WebKit should be built with -fno-strict-aliasing though, and at least with QtWebKit I verified this was the case. From what I understand, that should make it possible to do this kind of thing, yet with GCC 7.1.1 I get a crash there.

I haven't looked at the generated assembler yet (and not sure I'll get to it anytime soon), but this might be a GCC 7 bug?

But even if it's fixed there, I suppose WebKit should work around it in some way. I wonder whether the optimized inline copyChars is really needed nowadays (it was added in 2011, https://github.com/annulen/webkit/commit/0cb990be04a30870abb2a01e7f9fe5eea08b25a9 ) - I'd expect an inline memcpy() to generate equal if not better code nowadays, no?

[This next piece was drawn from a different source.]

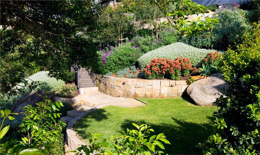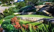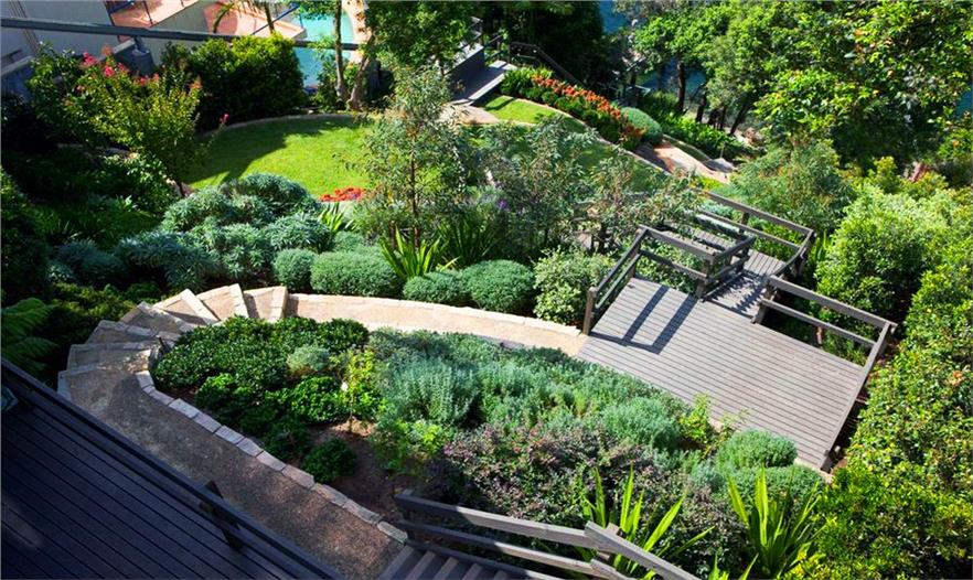 這個(gè)花園的設(shè)計(jì)是一個(gè)頗具挑戰(zhàn)性的項(xiàng)目,1600平方米的景觀在一個(gè)45度的斜坡上,土地和水的使用都受到了限制。一系列的石質(zhì)臺階和小徑沿著分層景觀臺一路延伸向岸邊。沿途植物頗為亮眼,一個(gè)混合了當(dāng)?shù)赜^賞性灌木和一些經(jīng)典海灘植物的迷你花園與自然景觀相呼應(yīng)。

Downstream QtWebKit bug where I investigated this: https://github.com/annulen/webkit/issues/562
Comment 1 Konstantin Tokarev 2017-06-15 02:29:01 PDT
I've run JSC benchmarks on Linux with GCC 7.1, performance results were neutral after change of copyChars to do just memcpy
Comment 2 Florian Bruhin 2017-06-15 02:32:25 PDT
So then this essentially boils down to whether it should be replaced by a simple memcpy() only for GCC >= 7, or for other compilers as well?

(Unless there's another solution to this I'm missing - right now the only option I see is to get rid of the "optimized" part)
Comment 3 Yusuke Suzuki 2017-06-15 02:46:26 PDT
(In reply to Konstantin Tokarev from comment #1)
> I've run JSC benchmarks on Linux with GCC 7.1, performance results were
> neutral after change of copyChars to do just memcpy

I like to use memcpy if it does not hurt performance.

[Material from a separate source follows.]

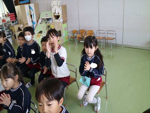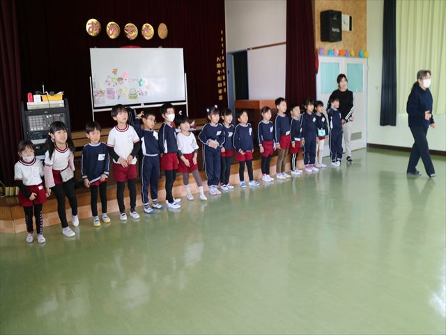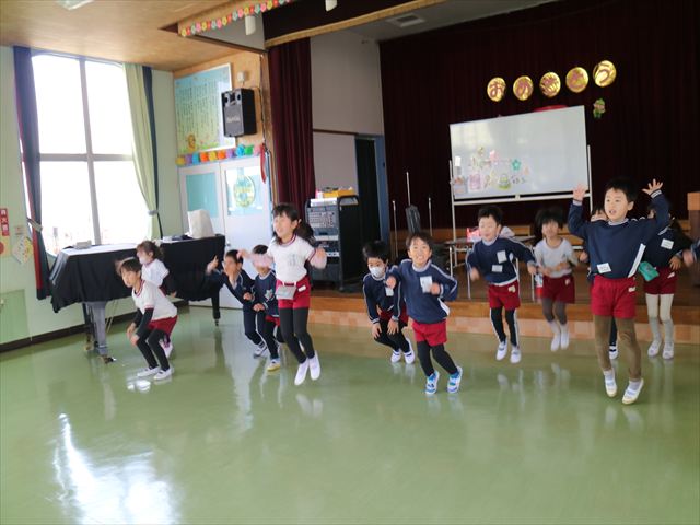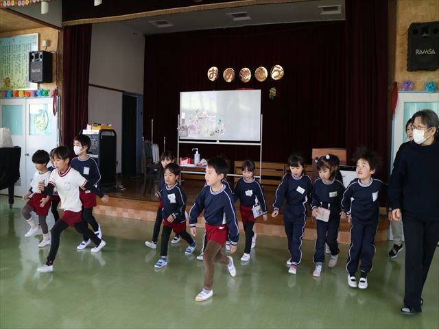 また、誕生日のお友だちには、PTAからの記念品(図書カード)が一人ひとりに贈られました。お祝いの出し物は、年中さんたちがステージ上で、おひな様の「パネルシアター」をして盛り上げてくれました。また、先生方からは、今年度最後の誕生会なので全職員で盛り上げようと、全本務者職員が参加して昔のヒット曲がリバイバルヒットしているということで、ラッツ&スターの「め組の人」の「歌とダンス」を披露し、子どもたちを楽しませてくれました。子どもたちは大喜びで楽しんでくれたので、先生たちも頑張ったかいがありました。まる!(^^;) (^^)v

Just out of curiosity, I wonder if we can use bitwise_cast here instead of reinterpret_cast.

Maybe, JF knows much about strict-aliasing, type punning and memcpy.
Comment 4 Konstantin Tokarev 2017-06-15 05:03:07 PDT
(In reply to Yusuke Suzuki from comment #3)
> (In reply to Konstantin Tokarev from comment #1)
> > I've run JSC benchmarks on Linux with GCC 7.1, performance results were
> > neutral after change of copyChars to do just memcpy
> 
> I like to use memcpy if it does not hurt performance.

I've checked just one platform/compiler combination so far.

I guess that initially this code path might have been added because of deficiency in old version of memcpy in macOS' libc, or gcc 4.2.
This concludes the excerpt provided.